[THE DATA]
=-=-=-=-=

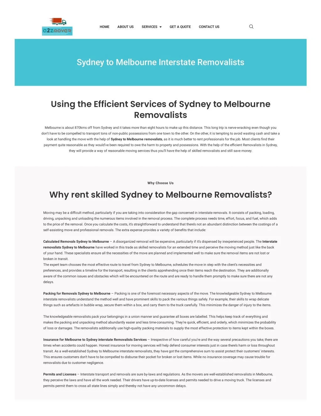 HOME ABOUT US SERVICES GET A QUOTE CONTACT US Sydney to Melbourne Interstate Removalists Using the Efficient Services of Sydney to Melbourne Removalists Melbourne is about 870kms off from Sydney and it takes more than eight hours to make up this distance. This long trip is nerve-wracking even though you don’t have to be compelled to transport tons of non-public possessions from one town to the other. On the other, it is tempting to avoid wasting cash and take a look at handling the move with the help of Sydney to Melbourne removalists, as it is much better to rent professionals for the job. Most clients ?nd their payment quite reasonable as they would’ve been required to owe the harm to property and possessions. With the help of the e?cient Removalists in Sydney, they will provide a way of reasonable moving services thus you’ll have the help of skilled removalists and still save money. Why Choose Us Why rent skilled Sydney to Melbourne Removalists? Moving may be a di?cult method, particularly if you are taking into consideration the gap concerned in interstate removals. It consists of packing, loading, driving, unpacking and unloading the numerous items involved in the removal process. The complete process needs time, effort, focus, and fuel, which adds to the price of the removal. Once you calculate the costs, it’s straightforward to understand that there’s not an abundant distinction between the costings of a self-assisting move and professional removals. The extra expense provides a variety of bene?ts that include: Calculated Removals Sydney to Melbourne – A disorganized removal will be expensive, particularly if it’s dispensed by inexperienced people. The Interstate removalists Sydney to Melbourne have worked in this trade as skilled removalists for an extended time and perceive the moving method just like the back of your hand. These specialists ensure all the necessities of the move are planned and implemented well to make sure the removal items are not lost or broken in transit. The expert team chooses the most effective route to travel from Sydney to Melbourne, schedules the move in step with the client’s necessities and preferences, and provides a timeline for the transport, resulting in the clients apprehending once their items reach the destination. They are additionally aware of the common issues and obstacles which will be encountered on the route and are ready to handle them promptly to make sure there are not any delays. Packing for Removals Sydney to Melbourne – Packing is one of the foremost necessary aspects of the move. The knowledgeable Sydney to Melbourne interstate removalists understand the method well and have prominent skills to pack the various things safely. For example, their skills to wrap delicate things such as artefacts in bubble wrap, secure them within a box, and carry them to the truck carefully. This minimizes the danger of injury to the items. The knowledgeable removalists pack your belongings in a union manner and guarantee all boxes are labelled. This helps keep track of everything and makes the packing and unpacking method abundantly easier and less time-consuming. They’re quick, e?cient, and orderly, which minimizes the probability of loss or damages. The removalists additionally use high-quality packing materials to supply the most effective protection to items kept within the boxes. Insurance for Melbourne to Sydney interstate Removalists Services – Irrespective of how careful you’re and the way several precautions you take; there are times when accidents could happen. Honest insurance for moving services will help defend consumer interests just in case there’s harm or loss throughout transit. As a well-established Sydney to Melbourne interstate removalists, they have got the comprehensive sum to assist protect their customers’ interests. This ensures customers don’t have to be compelled to disburse their pocket for broken or lost items. While no insurance coverage may cause trouble for removalists due to customer negligence. Permits and Licenses – Interstate transport and removals are sure by-laws and regulations. As the movers are well-established removalists in Melbourne, they perceive the laws and have all the work needed. Their drivers have up-to-date licenses and permits needed to drive a moving truck. The licenses and permits permit them to cross all state lines simply and thereby not have any uncommon delays.
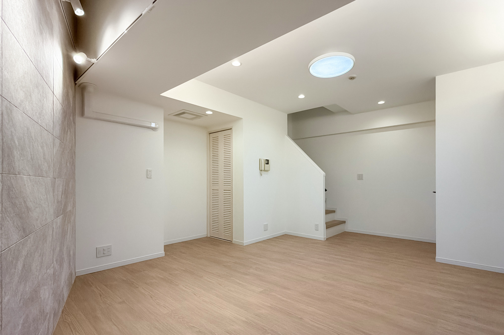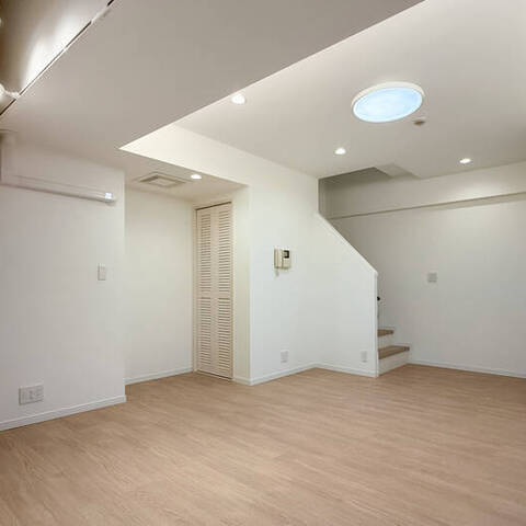 - ご紹介するのは、地下1階・1階に所在するメゾネットタイプの住戸。専有面積約54㎡を1DKにした間取りです。地下1階に所在するゆとりある洋室をリビングスペース兼ベッドルームとしてご利用いただくとよさそうですね。
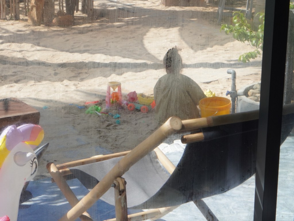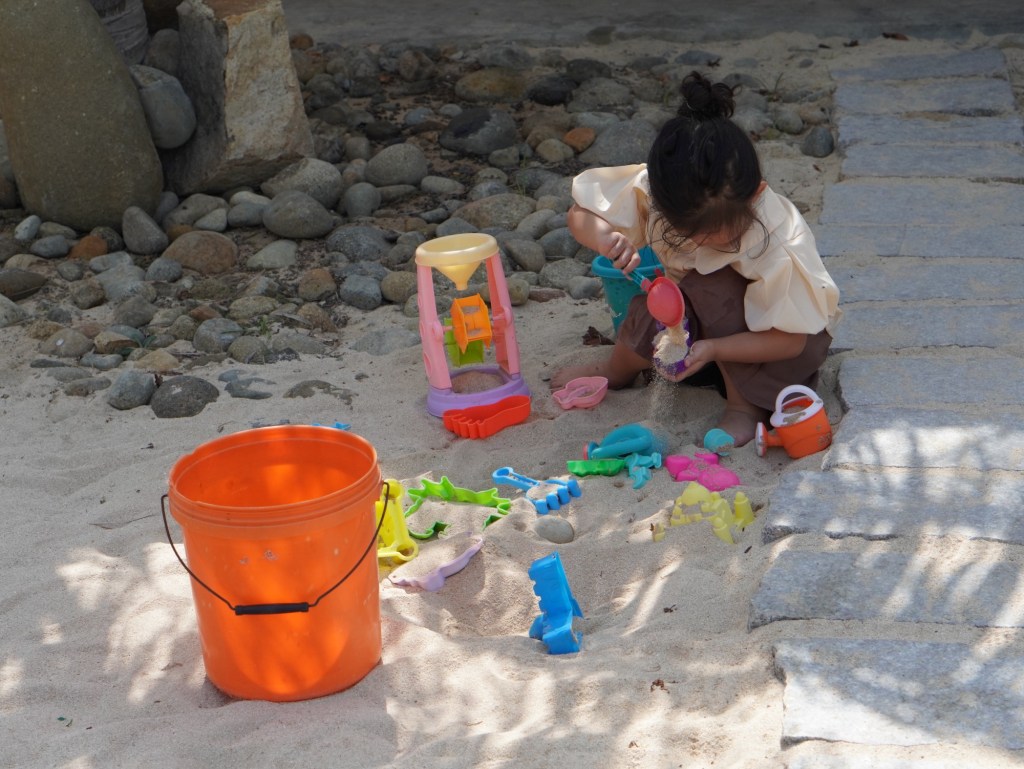Em Bơ chơi cát trước phòng mình ở luôn,home có nhiều đồ chơi cát có sẵn cho bé. Tụi mình nằm trong phòng ngắm con chơi cát thôi cũng thấy vui.

=-=-=-=-=

[THE TASK] Give back the material word for word, leaving out its pictures.

[ANSWER SECTION]
 HOME ABOUT US SERVICES GET A QUOTE CONTACT US Sydney to Melbourne Interstate Removalists Using the Efficient Services of Sydney to Melbourne Removalists Melbourne is about 870kms off from Sydney and it takes more than eight hours to make up this distance. This long trip is nerve-wracking even though you don’t have to be compelled to transport tons of non-public possessions from one town to the other. On the other, it is tempting to avoid wasting cash and take a look at handling the move with the help of Sydney to Melbourne removalists, as it is much better to rent professionals for the job. Most clients ?nd their payment quite reasonable as they would’ve been required to owe the harm to property and possessions. With the help of the e?cient Removalists in Sydney, they will provide a way of reasonable moving services thus you’ll have the help of skilled removalists and still save money. Why Choose Us Why rent skilled Sydney to Melbourne Removalists? Moving may be a di?cult method, particularly if you are taking into consideration the gap concerned in interstate removals. It consists of packing, loading, driving, unpacking and unloading the numerous items involved in the removal process. The complete process needs time, effort, focus, and fuel, which adds to the price of the removal. Once you calculate the costs, it’s straightforward to understand that there’s not an abundant distinction between the costings of a self-assisting move and professional removals. The extra expense provides a variety of bene?ts that include: Calculated Removals Sydney to Melbourne – A disorganized removal will be expensive, particularly if it’s dispensed by inexperienced people. The Interstate removalists Sydney to Melbourne have worked in this trade as skilled removalists for an extended time and perceive the moving method just like the back of your hand. These specialists ensure all the necessities of the move are planned and implemented well to make sure the removal items are not lost or broken in transit. The expert team chooses the most effective route to travel from Sydney to Melbourne, schedules the move in step with the client’s necessities and preferences, and provides a timeline for the transport, resulting in the clients apprehending once their items reach the destination. They are additionally aware of the common issues and obstacles which will be encountered on the route and are ready to handle them promptly to make sure there are not any delays. Packing for Removals Sydney to Melbourne – Packing is one of the foremost necessary aspects of the move. The knowledgeable Sydney to Melbourne interstate removalists understand the method well and have prominent skills to pack the various things safely. For example, their skills to wrap delicate things such as artefacts in bubble wrap, secure them within a box, and carry them to the truck carefully. This minimizes the danger of injury to the items. The knowledgeable removalists pack your belongings in a union manner and guarantee all boxes are labelled. This helps keep track of everything and makes the packing and unpacking method abundantly easier and less time-consuming. They’re quick, e?cient, and orderly, which minimizes the probability of loss or damages. The removalists additionally use high-quality packing materials to supply the most effective protection to items kept within the boxes. Insurance for Melbourne to Sydney interstate Removalists Services – Irrespective of how careful you’re and the way several precautions you take; there are times when accidents could happen. Honest insurance for moving services will help defend consumer interests just in case there’s harm or loss throughout transit. As a well-established Sydney to Melbourne interstate removalists, they have got the comprehensive sum to assist protect their customers’ interests. This ensures customers don’t have to be compelled to disburse their pocket for broken or lost items. While no insurance coverage may cause trouble for removalists due to customer negligence. Permits and Licenses – Interstate transport and removals are sure by-laws and regulations. As the movers are well-established removalists in Melbourne, they perceive the laws and have all the work needed. Their drivers have up-to-date licenses and permits needed to drive a moving truck. The licenses and permits permit them to cross all state lines simply and thereby not have any uncommon delays.
 - ご紹介するのは、地下1階・1階に所在するメゾネットタイプの住戸。専有面積約54㎡を1DKにした間取りです。地下1階に所在するゆとりある洋室をリビングスペース兼ベッドルームとしてご利用いただくとよさそうですね。
Em Bơ chơi cát trước phòng mình ở luôn,home có nhiều đồ chơi cát có sẵn cho bé. Tụi mình nằm trong phòng ngắm con chơi cát thôi cũng thấy vui.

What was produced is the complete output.